Identify the USB bridge controller:
Code:
lsusb -v | grep -A5 "Mass Storage"Install f3 to fight fake-capacity drives:
Code:
dnf install f3Fast probe:
Code:
f3probe /dev/sdXFull write test:
Code:
f3write /mnt/usbdriveFull read verify:
Code:
f3read /mnt/usbdriveInteractive partition table recovery with testdisk:
Code:
testdisk /dev/sdXFile carving with photorec, ignores the filesystem entirely and finds files by signature:
Code:
photorec /dev/sdXFor completely dead USB drives where the controller has bricked itself, the last resort is NAND chip-off recovery.
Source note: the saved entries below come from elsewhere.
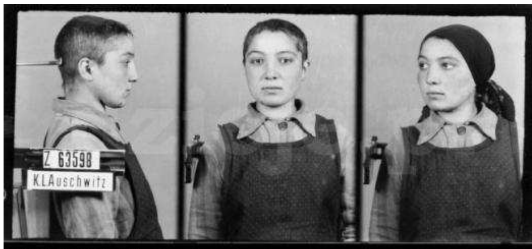
Jedna z nielicznych zachowanych fotografii obozowych więźniarki obozu cygańskiego.

26 marca trafiło do niego 999 niemieckich więźniarek z KL Ravensbrueck oraz 999 Żydówek, przywiezionych z Popradu na Słowacji. 27 kwietnia 1942 r. osadzono tam pierwsze więźniarki polskie - 127 kobiet z Tarnowa i krakowskiego więzienia Montelupich.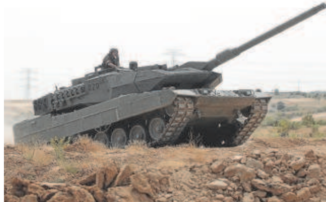
Carro Leopard en Colmenar Viejo (Madrid)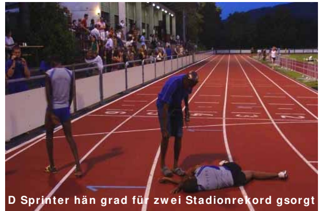
D Sprinter hän grad für zwei Stadionrekord gsorgt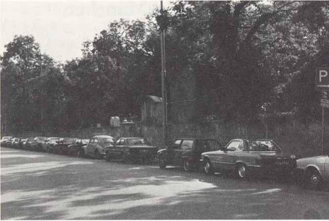
München, Südfriedhof. Indgangen ved Thalkircher Strasse.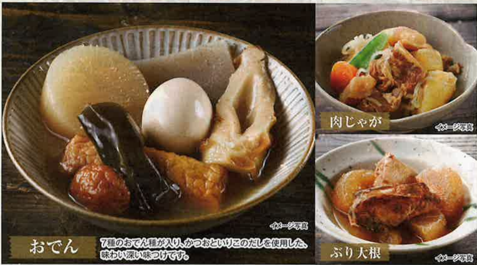
おでん 7種のおでん種が入りかつおといりこのだしを使用した、味わい深い味つけです。 肉じゃが ぶり大根

ロングライフ 賞味期間 3年 災害時に おつまみに キャンプに 3種×各2袋 (計6袋) 温めなくてもそのまま食べられます。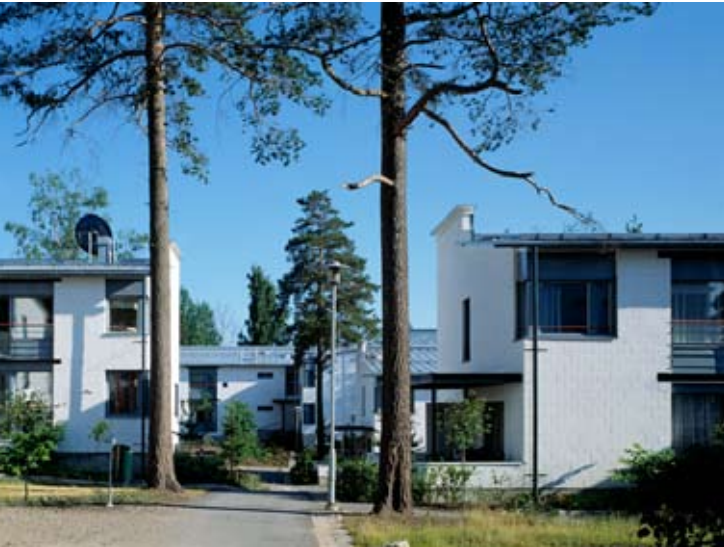
Köökarinkuja 7, Arkkitehdit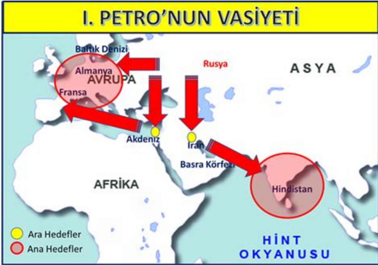
Harita 3.1. Petro'nun Vasiyeti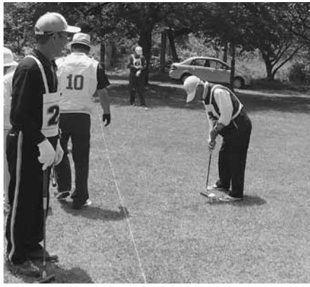
笑顔が絶えない大会となりました

開会式では阿部町長から「ようこそ今別町へお越しいただきました。今回のゲートボール大会を楽しんでください」とあいさつが述べられました。今別町と知内町ゲートボール愛好者の皆さんは、爽やかな汗を流し、交流を楽しんでいました。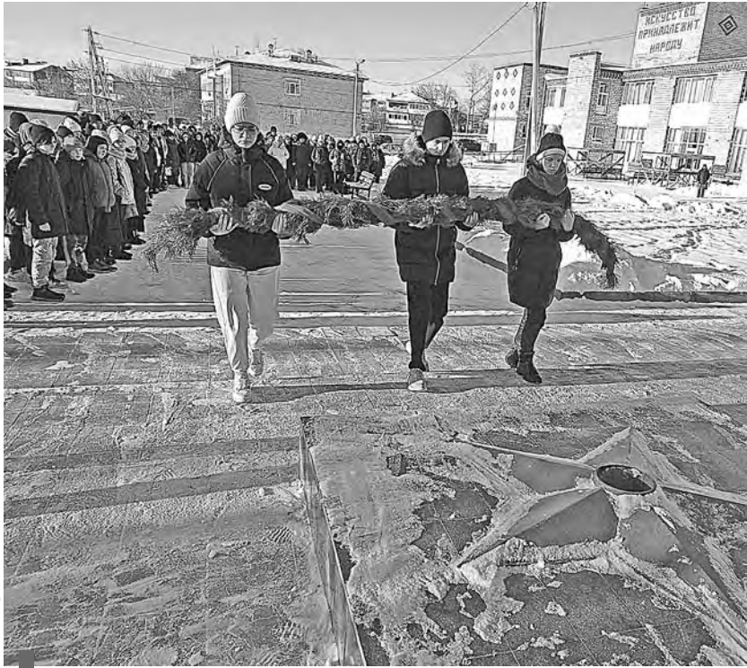
Возложение гирлянды из сосновых веток к обелиску в селе Куры

В День Героев Отечества курьинские школьники торжественно возложили цветы к мемориальным доскам на территории учебного заведения.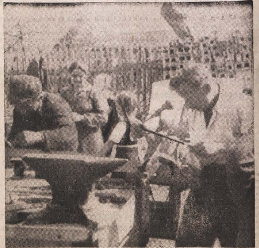
Kovači, kleparji, vārlici, mizarji in tesarji rudnika Rajhenburg so prihiteli v porušeno Planino, da pomagajo svojemu delovnemu tovarišu-kmetu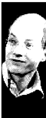
A fianco Alain de Botton A sinistra un'immagine di Illustrators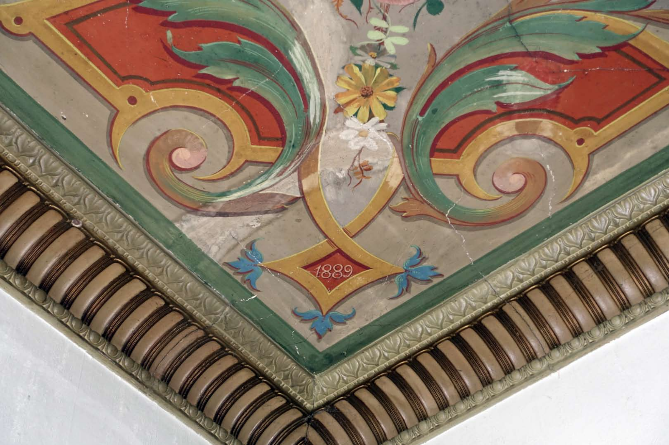
Inger Hansens Minde, Oliefabriksvej 2, 2770 Kastrup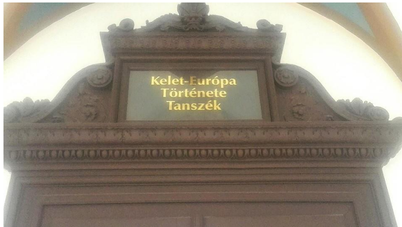
Egy tanteremajtó a sok közül.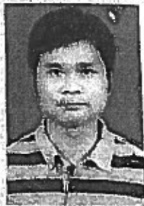
(加盖公章机关钢印有效)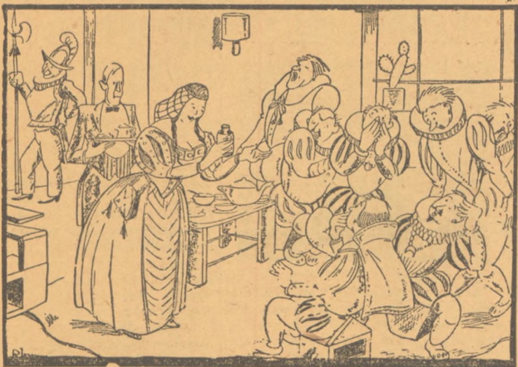
Ἡ Λουκρητία Βρυγία στὸς προσκεκλημένους της: Μὲ γάλα ἢ με τσάι παίρνετε τὸ δηλητηριώδες; (Ἀπὸ τὸ ἰταλικὸν περιοδικὸν «Τρα βάσο ντέλλε Ἰντέε»).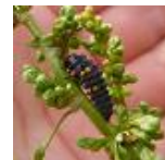
テントウムシ の幼虫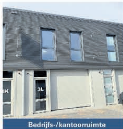
Bedrijfs-/kantoorruimte Zuid-Afrikaweg 3L Aalsmeer Huurprijs € 1.350,- per maand Per direct beschikbaar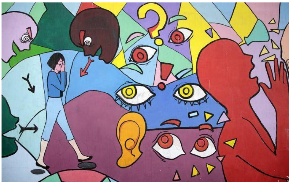
Mural pintado por mujeres en Zona 18, uno de los barrios más violentos de Ciudad de Guatemala.

Los derechos de las mujeres son derechos humanos. Esta afirmación que resulta tan obvia es a menudo ignorada y relegada al papel ante la mirada del sistema internacional. La Organización de las Naciones Unidas (ONU) declara en su Carta de 1945 que la igualdad entre hombres y mujeres es un fundamento básico, aprueba la Convención sobre la eliminación de todas las formas de discriminación contra la mujer en 1979, y la Declaración sobre la eliminación de la violencia contra la mujer en 1993. Sin embargo, pese a que se han llevado a cabo numerosos avances en materia de derechos humanos de la mujer, ningún país puede proclamarse plenamente igualitario en lo que a género respecta. Esa desigualdad deriva a menudo en violencia extrema contra mujeres y niñas y en graves vulneraciones de sus derechos más básicos.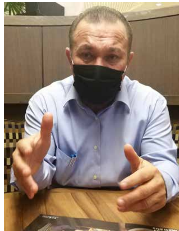
El Presidente López Obrador quiere desaparecer a los pequeños productores lecheros, critica el diputado Jesús Hurtado Torres.

Recuerda el legislador local de Acción Nacional que al paso de los años el programa ha evolucionado y no solamente ha sido SEDESOL quien participa, sino la propia SAGARPA, unidas vinieron a complementar el programa y ha-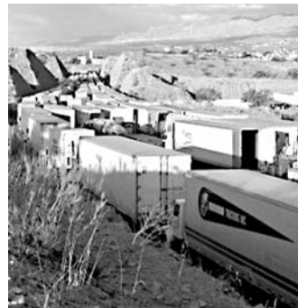
El comercio bilateral tiene un valor de 367 mmd.

La firma de esta Carta de Intención entre Carstens y Napolitano vendrá a fortalecer la cooperación aduanera entre México y Estados Unidos, tal como lo acordaron en abril pasado los presidentes Felipe Calderón y Barack Obama.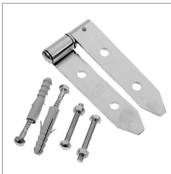
Figura 5 - exemplo de dobradiça para portão em aço galvanizado

Dobradiças: deverão ser todas em aço galvanizado sendo de, no mínimo duas por folha com 6" e fixadas com parafusos galvanizados em quantidade análoga às exigidas pelo fabricante.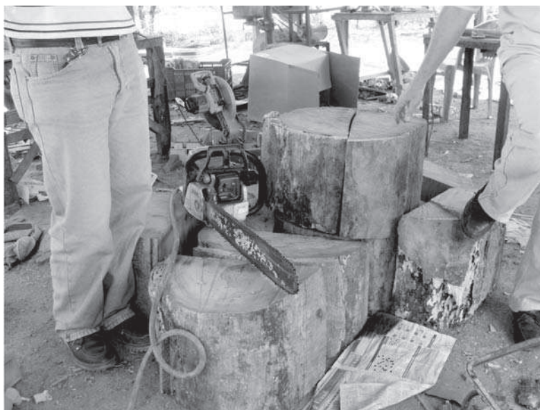
Figura 1 Detalles de un taller de artesanía de madera, estado Lara

Hidalgo (1999) sobre las especies arbóreas, se hicieron varios reconocimientos sobre la insostenibilidad del modo de producción de las tallas. Entre las situaciones resaltadas por los artesanos, se señalaron: la creciente dificultad para obtener las materias primas, así como la ilegalidad de su utilización, e incluso la utilización de madera fresca (verde) lo cual afecta la calidad de las obras. Lo importante fue, que en el proceso de reflexión colectiva se hicieron planteamientos como la necesidad de sembrar, la incompatibilidad de las siembras con la explotación caprina extensiva, la posibilidad de sustituir las especies utilizadas por algunas maderas comerciales (de aserradero), entre otras. En la Figura 1, se observa un taller con muestras de explotación de materias primas locales.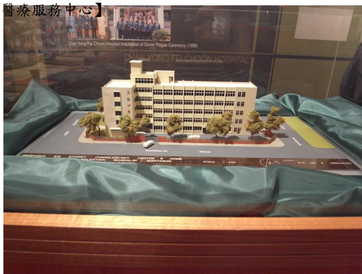
【圖 3 茶陽回春醫社，現為國際區域性醫療服務中心】

何主任表示，茶陽會館是大陸「大埔縣」的宗親會、同鄉會，命名來源是因為，初期茶陽會館只限茶陽鎮的鄉親為會員，後期為了吸收更多會員而改為大埔縣鄉親會館，另一個原因則是因為茶陽鎮因地勢低窪，部分鎮民移居至大埔縣，因而將茶陽鎮與大埔縣的客家鄉親皆納入會員招募的對象。茶陽會館在八年前建有會館大樓，樓高三層，後來會員人數增加、活動頻繁，場所不敷應用而重建大樓，2002 年 12 月 3 日，新落成的八層樓茶陽大廈由時任副總理的李顯龍鄉賢主持開幕(圖 2)。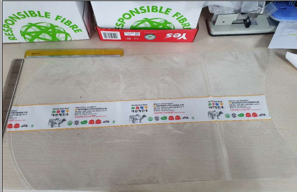
진공수축포장재 - 진공필름(450*750)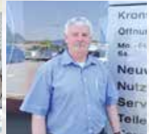
E. Jäger Service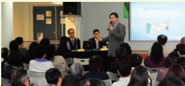
廉政專員張裕出席北區座談會

廉政公署在北區、中區及離島區先後舉行3場座談會，廣泛邀請社團代表及市民出席，藉此了解他們對廉潔選舉的意見和建議，並爭取市民的支持。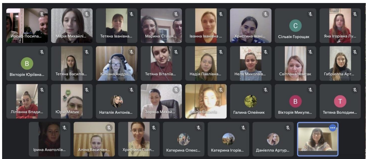
Рис. 1. Проведення курсів з інклюзивної освіти он-лайн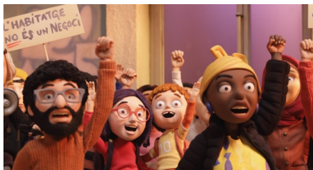
Image tirée du film Olivia et le tremblement de terre invisible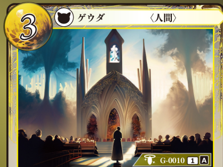
けいけんなしんじや 敬虔な信者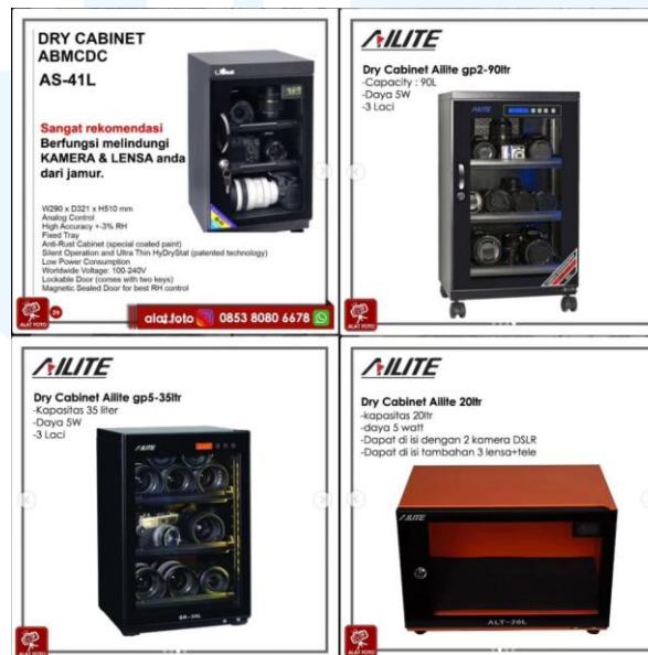
Gambar 1.5 Instagram Product Feeds Alat Foto

Untuk memperkenalkan produk-produk terbaru, Alat Foto juga mendesain feeds Instagram yang menampilkan produk-produk yang baru masuk atau sedang dijual. Postingan ini mencakup gambar produk dengan kualitas tinggi dan deskripsi yang informatif. Pendekatan ini membantu calon pelanggan memahami fitur dan keunggulan produk, sekaligus memperkuat citra profesional Alat Foto sebagai penyedia alat fotografi terpercaya.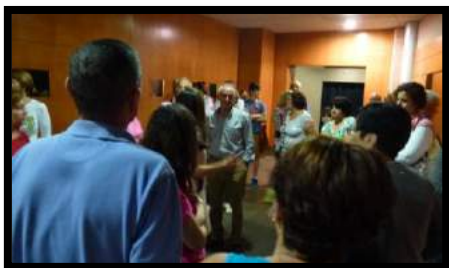
Cueva Pintada. Gáldar.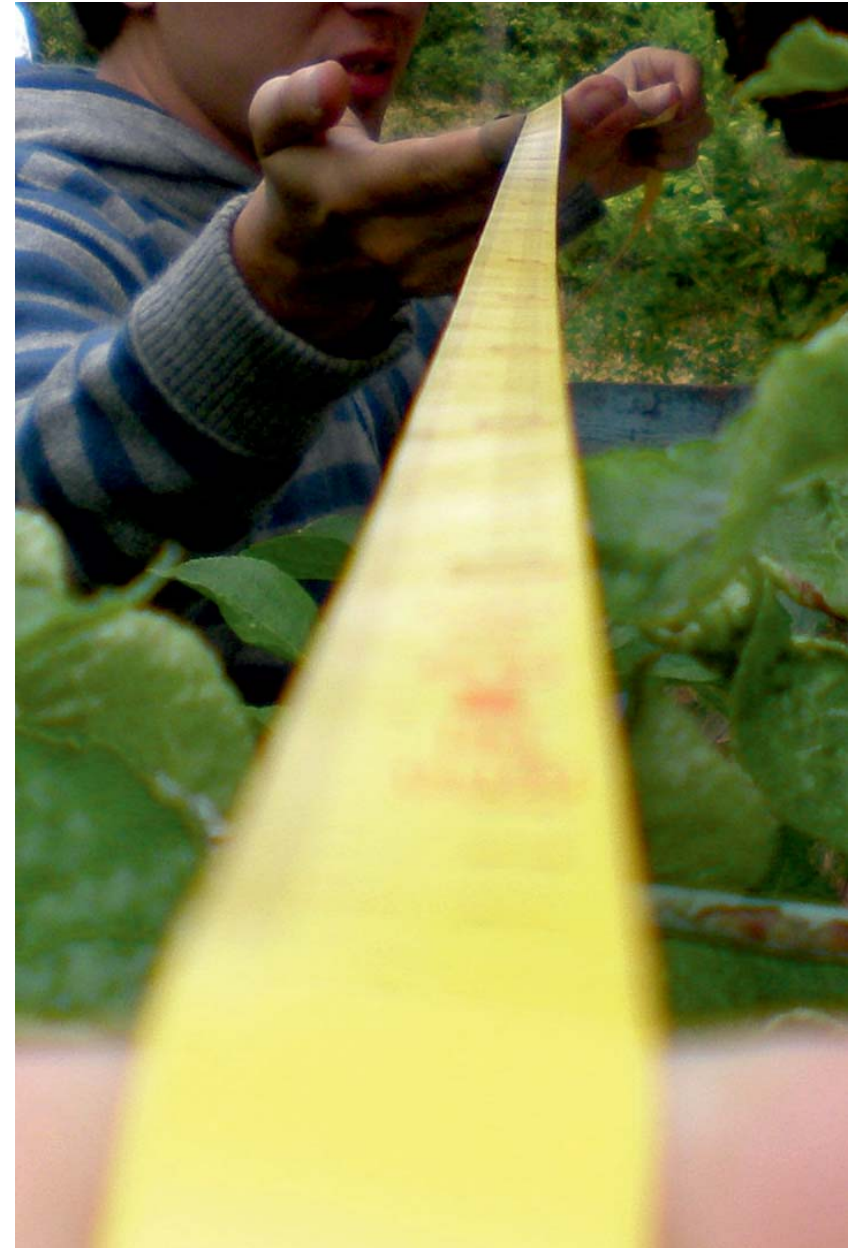
05. felmérés - 2007 Borsodgeszt

Építész-szakmai világtrend is, hogy nem a végső objektum annyira az érdekes, hanem a létrehozásuk története.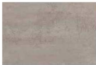
FERROKER ALUMINIO V5621701 100026606 44x66 cm (x10.1 mm) 17 3/8"x26" Gres Porcelánico Porcelain tile V3 G112 gris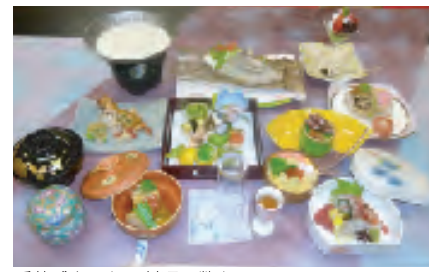
季節感あふれる料理の数々

地元の食材をはじめ、吟味した四季折々の旬の食材を生かした一品一品を、こだわりの器にしつらえています。目でも舌でも楽しめる会席を純和風のお部屋で存分にお楽しみください。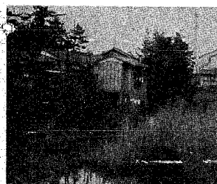
関屋の堀割りの様子。写真は、関屋の歴史を語る重要な要素である。

関屋の堀割りは、新潟市の歴史を語る重要な要素である。この堀割りは、関屋の歴史を語る重要な要素である。この堀割りは、関屋の歴史を語る重要な要素である。この堀割りは、関屋の歴史を語る重要な要素である。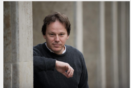
Portret David Graeber

David Graeber (12 February 1961) is een in Londen wonende antropoloog en anarchist die wellicht het bekendst werd met zijn in 2011 verschenen boek Debt: The First 5,000 Years (Nederlandse uitgave Schulden, de eerste 500 jaar , 2012). Hij is momenteel professor in de antropologie aan de London School of Economics . [1]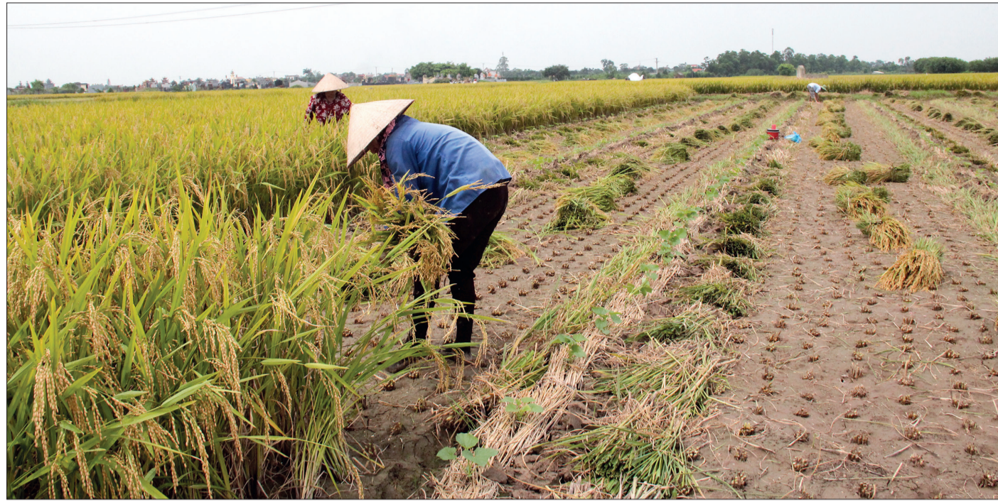
Nông dân xã Tây Đô (Hưng Hà) thu hoạch lúa xuân.

Thời điểm này, khi lúa xuân ở nhiều địa phương đang ở giai đoạn chắc xanh đến đỏ đò thì trên nhiều cánh đồng ở huyện Hưng Hà mùa gặt đã đến.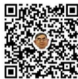
创新方法科普 快手号：TR17_ma_2020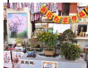
市民センター館内の展示コーナー

作品の展覧や出演並びに大会の準備から運営全般にわたりご協力頂きました多くの方々に感謝申し上げます。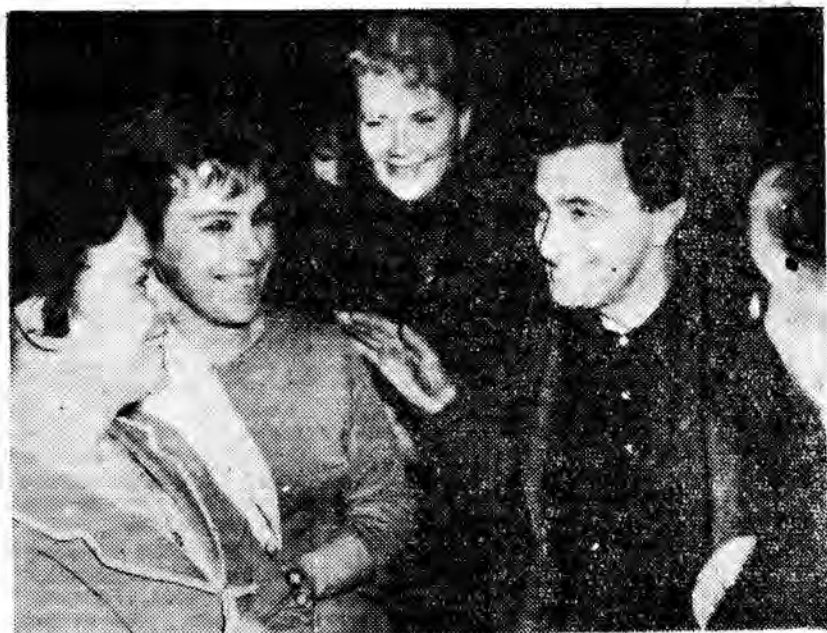
Włoski reżyser filmowy Giuseppe de Santis przebywa obecnie w Związku Radzieckim, gdzie realizuje pierwszy film koprodukcji radziecko-włoskiej „Oni poszli na wschód”.

Koło Łowieckie przy Jednostce Wojskowej w Rzeszowie zajęło się intensywnie dokarmianiem kuropatw. W okolicach Przybyszówki, Trzciany i Swilczy pobudowano dla tego pożytecznego ptactwa specjalne domki — jadłodajnie. Żołnierze dowożą tu codziennie obfite porcje poślada. Podobnie systematycznie dokarmiają zwierzynę na dzierżawionym terenie łowieckim w powiecie jańcuckim. Słowem, wzór dla innych członków Polskiego Związku Łowieckiego. (W)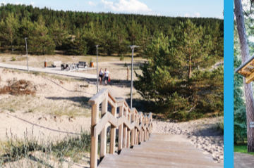
15 IEEJA UZ JŪRU 10. laipa (suniem draudzīga pastaigu vieta)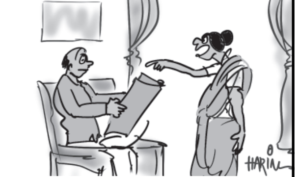
હવે છાપુ મૂકો.. સરકાર હવે વાઇબ્રન્ટ બનાવવા કહે છે... 'વાંચે ગુજરાત' પુસ્તક ગમ્યું...!!

You physically desolder the flash chip and read it directly. That is lab territory and requires specialized hardware, but it exists and it works when everything else fails.
Resurrection Priority Order
- SMART check. Is the hardware even talking?
- ddrescue image. Preserve what you have before anything else.
- sgdisk --verify or testdisk. Is the partition table intact?
- fsck, xfs_repair, or btrfs rescue. Hit the filesystem layer.
- photorec or foremost. File carving if the filesystem is completely gone.
- Mount read-only regardless and see what you can see:
Code:
mount -o ro,noatime,noload /dev/sdX1 /mnt/recovery - ATA secure erase or NVMe sanitize. Last resort for SSD performance recovery.
The cardinal rule: never write to a dying drive until you have an image. Every write attempt on a marginal drive risks turning unrecovered sectors into permanent losses.